What needs to be done
With the pictures left out, please write out exactly each line from the one containing "To start with" through the end of the material.

Given records
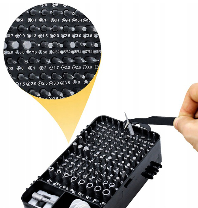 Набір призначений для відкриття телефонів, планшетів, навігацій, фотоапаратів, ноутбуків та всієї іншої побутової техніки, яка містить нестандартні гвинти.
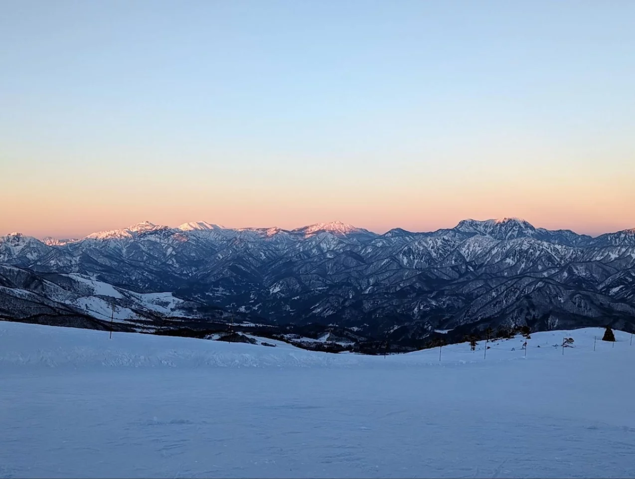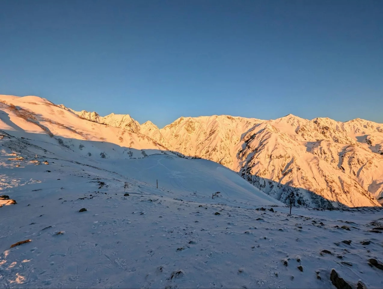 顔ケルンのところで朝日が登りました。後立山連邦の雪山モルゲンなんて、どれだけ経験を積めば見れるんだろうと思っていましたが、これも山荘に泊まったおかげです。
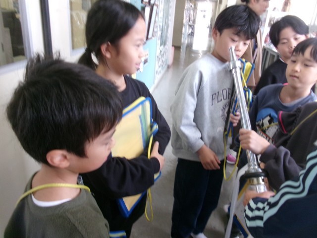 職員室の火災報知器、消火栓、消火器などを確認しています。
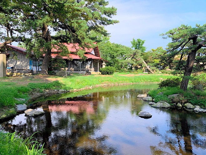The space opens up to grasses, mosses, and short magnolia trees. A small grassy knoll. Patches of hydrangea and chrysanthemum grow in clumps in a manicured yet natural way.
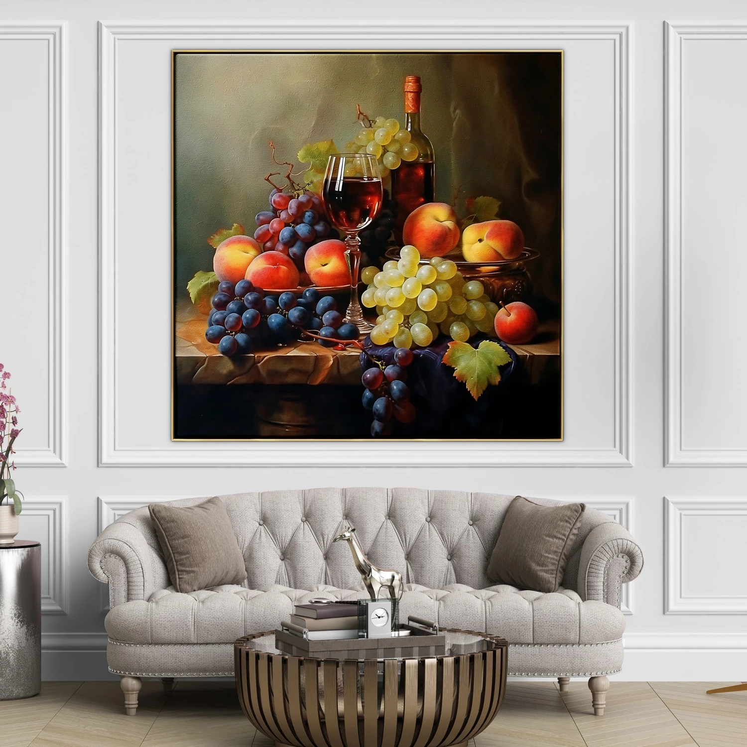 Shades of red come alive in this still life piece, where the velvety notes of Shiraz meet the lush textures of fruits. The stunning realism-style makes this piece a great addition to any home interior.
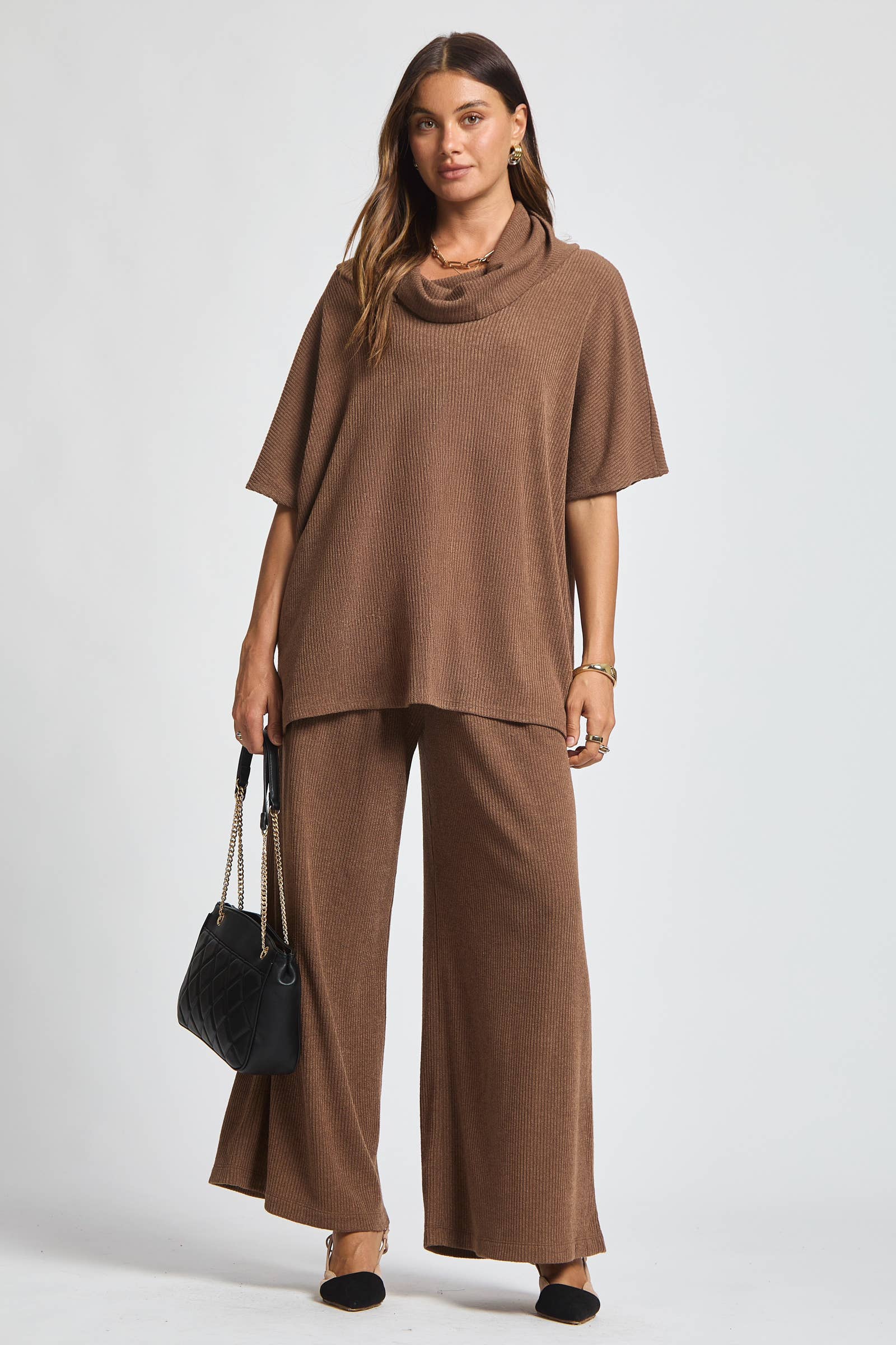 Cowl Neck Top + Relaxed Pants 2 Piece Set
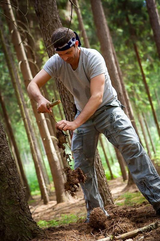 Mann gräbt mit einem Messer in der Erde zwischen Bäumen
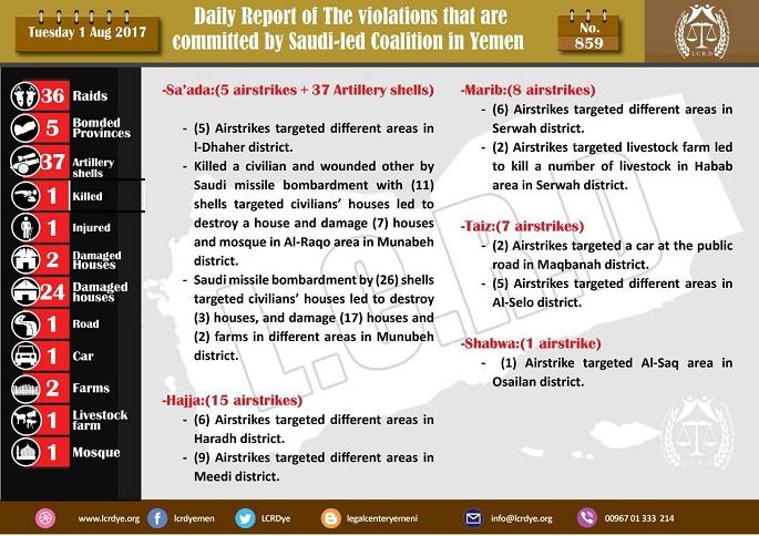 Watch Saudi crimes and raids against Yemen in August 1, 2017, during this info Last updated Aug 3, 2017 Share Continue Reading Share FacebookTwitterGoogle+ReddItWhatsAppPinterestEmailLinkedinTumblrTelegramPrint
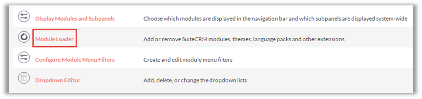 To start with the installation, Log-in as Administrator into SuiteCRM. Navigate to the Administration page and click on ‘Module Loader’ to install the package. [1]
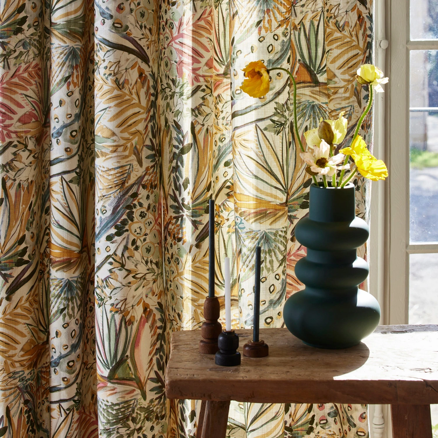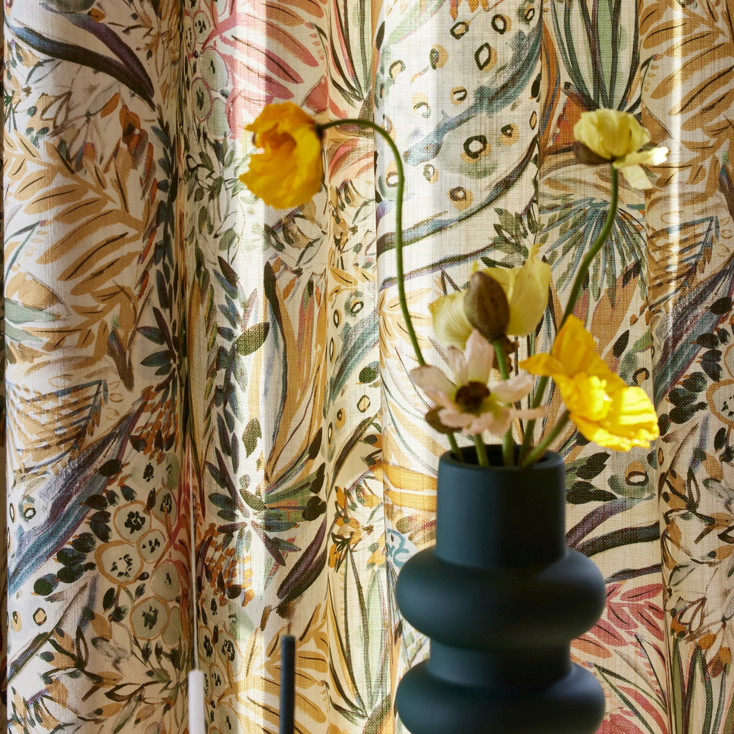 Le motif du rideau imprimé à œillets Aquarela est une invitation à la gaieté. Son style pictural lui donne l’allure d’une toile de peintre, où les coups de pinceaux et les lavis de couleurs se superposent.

Exercise result
 To start with the installation, Log-in as Administrator into SuiteCRM. Navigate to the Administration page and click on ‘Module Loader’ to install the package. [1]
 Le motif du rideau imprimé à œillets Aquarela est une invitation à la gaieté. Son style pictural lui donne l’allure d’une toile de peintre, où les coups de pinceaux et les lavis de couleurs se superposent.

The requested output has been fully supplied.